MicroRNA-21 Contributes to Orthodontic Tooth Movement

Abstract

microRNAs could be mechanosensitive and emerge as critical posttranscriptional regulators in the bone-remodeling process. During orthodontic tooth movement (OTM), the application of mechanical force induces alveolar bone remodeling, but whether microRNAs respond to orthodontic force and contribute to OTM is unknown. microRNA-21 (miR-21) has been previously reported in vitro to mediate stretch-induced osteogenic differentiation of periodontal ligament stem cells and support osteoclast differentiation. In this study, the authors show that miR-21 responded to orthodontic force in periodontal tissue in a dose- and time-dependent manner and regulated the osteogenesis of human periodontal ligament stem cells following OTM. Using mmu-miR-21-deficient (miR-21-/-) mice, the authors discovered that mmu-miR-21 deficiency inhibited OTM and prevented force-induced maxillary bone loss. The authors found that miR-21-/- mice showed a normal skeletal phenotype in development and a similar alveolar bone formation rate to wild-type mice postnatally. During OTM, mmu-miR-21 regulated force-induced alveolar osteoblastogenesis in the tensile side, while no effects were detected in the compressive side. However, miR-21-/- mice showed inhibited alveolar osteoclastogenesis when compared with wild-type mice. During OTM, mmu-miR-21 deficiency blocked alveolar bone resorption in both the compressive and tensile sides.

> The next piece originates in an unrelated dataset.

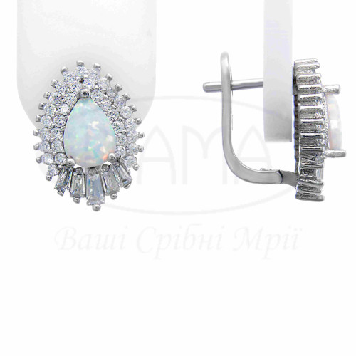 Срібні сережки з білим Опалом та білим цирконом. Срібло 925 проби, покрите родієм. Комплект складається з каблучки, підвіски та сережок.

To dissect the mechanism by which miR-21 regulates alveolar bone remodeling, the authors screened the reported functional targets of miR-21 and found that periodontal expression of programmed cell death 4 (Pdcd4) was inhibited following OTM. Furthermore, mmu-miR-21 deficiency removed the suppression of Pdcd4 at both the mRNA and protein levels in the periodontium, resulting in upregulation of the downstream effector C-fos. Further analysis of OTM under lipopolysaccharide-induced periodontal inflammation showed that mmu-miR-21 mediated lipopolysaccharide (LPS)-accelerated OTM and that mmu-miR-21 deficiency blocked lipopolysaccharide-induced maxillary bone loss. In summary, these findings reveal a previously unrecognized mechanism that a microRNA can modulate OTM and alveolar bone remodeling under both normal and inflammatory microenvironments in vivo.